[PATCH 4/8] block/mq-deadline: Only use zone locking if necessary

Bart Van Assche <bvanassche@xxxxxxx> · Mon, 9 Jan 2023 15:27:34 -0800

Measurements have shown that limiting the queue depth to one for zoned
writes has a significant negative performance impact on zoned UFS devices.
Hence this patch that disables zone locking from the mq-deadline scheduler
for storage controllers that support pipelining zoned writes.

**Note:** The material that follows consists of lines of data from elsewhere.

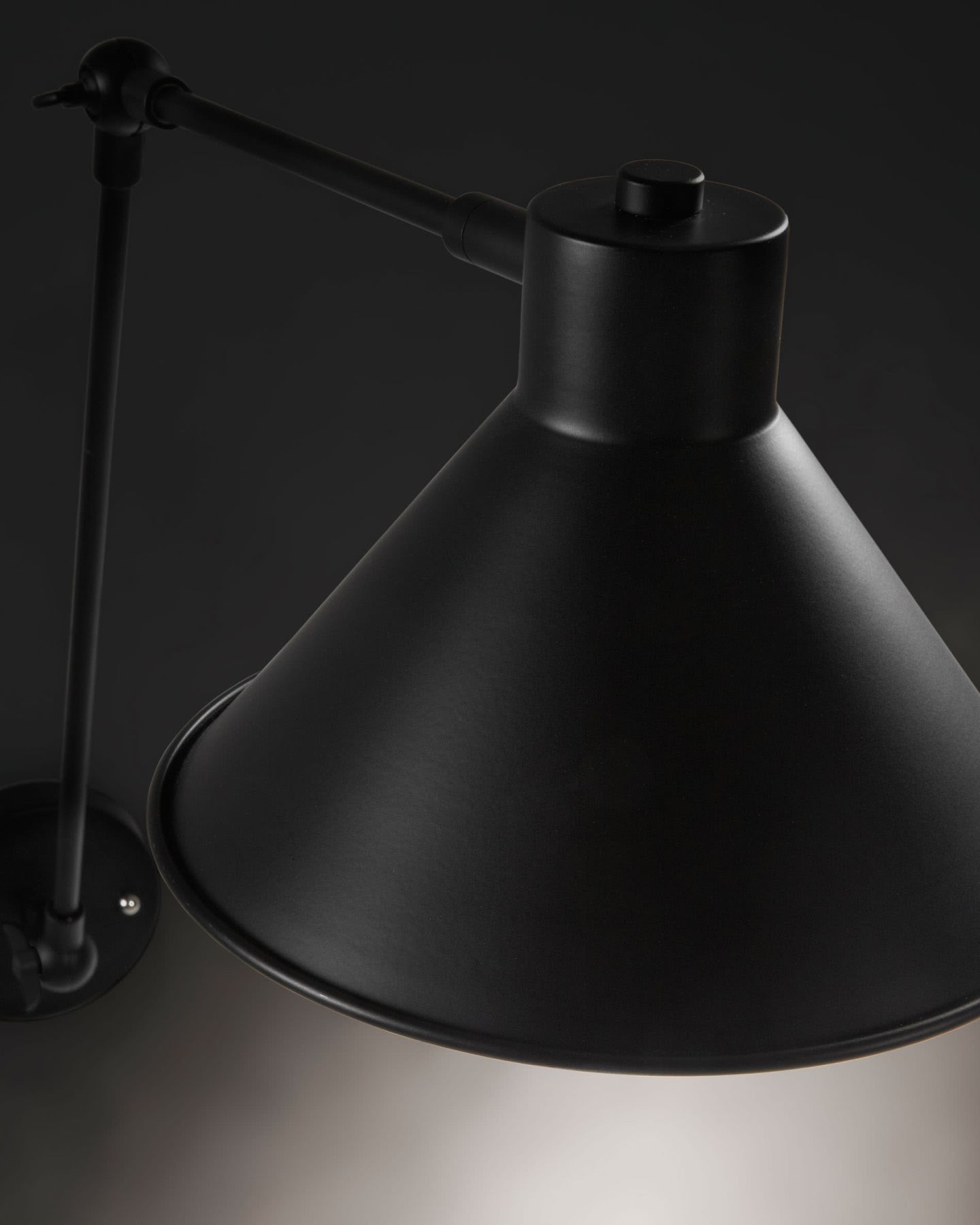 Настенный светильник Odine от фабрики La Forma (ex Julia Grup) – промышленный минимализм и практичный металл. Настенный светильник Odine совершенно однозначно подойдет для вашей городской квартиры, в которой интерьер соответствует современному стилю и требует стильных предметов интерьера. Здесь трендовая матовая фактура идеально сочетается с предложенной геометрией – лампа выглядит модно, минималистично, функционально. Выбирайте для своего стиля Odine! Лампа полностью металлическая, с матовым белым или черным покрытием (зависит от выбранной модели). Конусный абажур с широким козырьком соединяется с регулируемой трубчатой рукояткой. Такая конструкция обеспечивает широкий поток света под нужным углом. Ширина абажура по нижнему краю – 20,5 см, высота – 14,5 см. Для светильника требуется энергосберегающая лампа с характеристиками: цоколь – Е14, мощность – 40 Вт, класс энергопотребления – Е-А++, максимальная энергоэффективность – A++. Она в комплект не входит. Кабель наружу не выведен, соединяется с комнатной проводкой. Место крепежа закрывает круглая коробка-основание с диаметром 11 см. Размеры: ширина – 20 см, высота – 57 см, глубина – 35 см. Вес – 0,8 кг. Сборка не требуется. В коллекции Odine также представлен потолочный светильник с тремя аналогичными абажурами.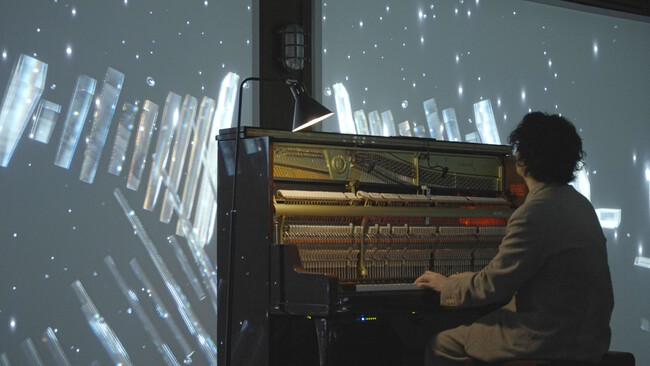 演奏会では、天王洲運河に浮かぶ会場の地下階から屋上までの3フロア構造の特性を生かし、今回のイベントのコンセプトである「unlearn(学びほぐし)」を表現。地下階では、江崎氏らのライブ演奏から壁面に泡が生まれ、地上階でその泡に観客が触れると音が変化。さらに、泡は屋上に上がり、船を動かす大きな風のプロジェクションマッピングとして映し出されます。最後には、地上階で観客が変化させた音を再び地下階でピアノに自動演奏させ、その音に合わせて江崎氏らが即興で音楽を加えていくライブパフォーマンスを披露。演奏家と観客が共に音を再構築しながら、新しい音楽として還元するインタラクティブな聴視体験は人々を魅了し、会場は拍手で包み込まれました。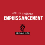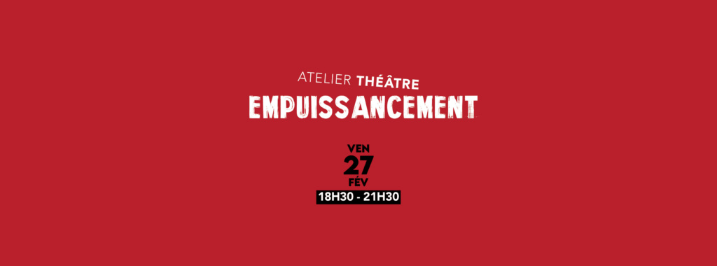 Atelier théâtre EMPUISSANCEMENT 28 août 202528 août 2025 leverso Image publiée dans : Atelier théâtre CRIEE PUBLIQUE Atelier théâtre EMPUISSANCEMENT Image disponible dans : 2560x949 / 150x150 / 300x111 / 768x285 / 1024x380 / 1536x569 / 2048x759 / 450x250 / 600x400 / 820x304 / 272x182 ← Précédent Suivant →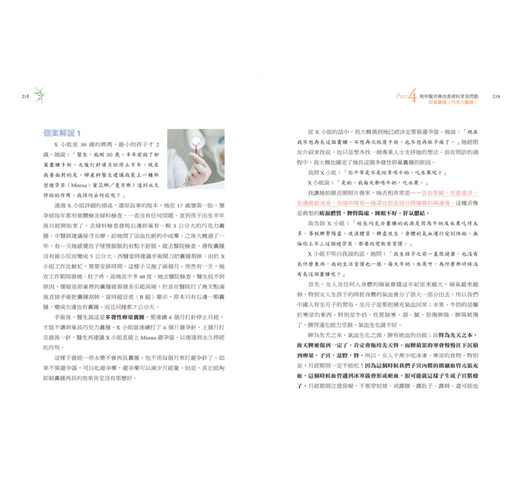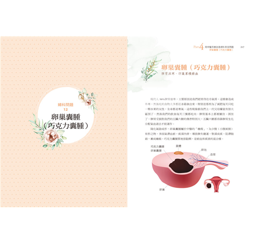 書中從25個真實案例故事,告訴你每個婦科疾病的成因,如:經期頭痛、乳腺增生(乳房纖維腺瘤)、經痛、月經量多、崩漏、非經期出血、月經延長、排卵期出血、慢性盆腔炎、陰道炎、子宮肌瘤、子宮腺肌症、多囊卵巢症候群、卵巢早衰、卵巢囊腫、巧克力囊腫等。並教你透過外用塗抹精油,輔助飲食調整和服用科學中藥,讓你改變體質。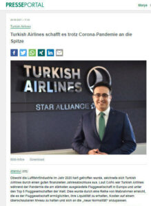 Almanya’da yayın yapan Presseportal isimli haber sitesi, havacılık sektörünün geçtiğimiz yıl büyük darbe almasına karşın THY’nin iyi bir mali yıl sonu geçirdiğini vurguladı.

This patch is
based on the following assumptions:
- Applications submit write requests to sequential write required zones
  in order.
- It happens infrequently that zoned write requests are reordered by the
  block layer.
- The storage controller does not reorder write requests that have been
  submitted to the same hardware queue. This is the case for UFS: the
  UFSHCI specification requires that UFS controllers process requests in
  order per hardware queue.
- The I/O priority of all pipelined write requests is the same per zone.
- Either no I/O scheduler is used or an I/O scheduler is used that
  submits write requests per zone in LBA order.

If applications submit write requests to sequential write required zones
in order, at least one of the pending requests will succeed. Hence, the
number of retries that is required is at most (number of pending
requests) - 1.

Cc: Damien Le Moal <damien.lemoal@xxxxxxx>
Signed-off-by: Bart Van Assche <bvanassche@xxxxxxx>
---
 block/blk-zoned.c   |  3 ++-
 block/mq-deadline.c | 14 +++++++++-----
 2 files changed, 11 insertions(+), 6 deletions(-)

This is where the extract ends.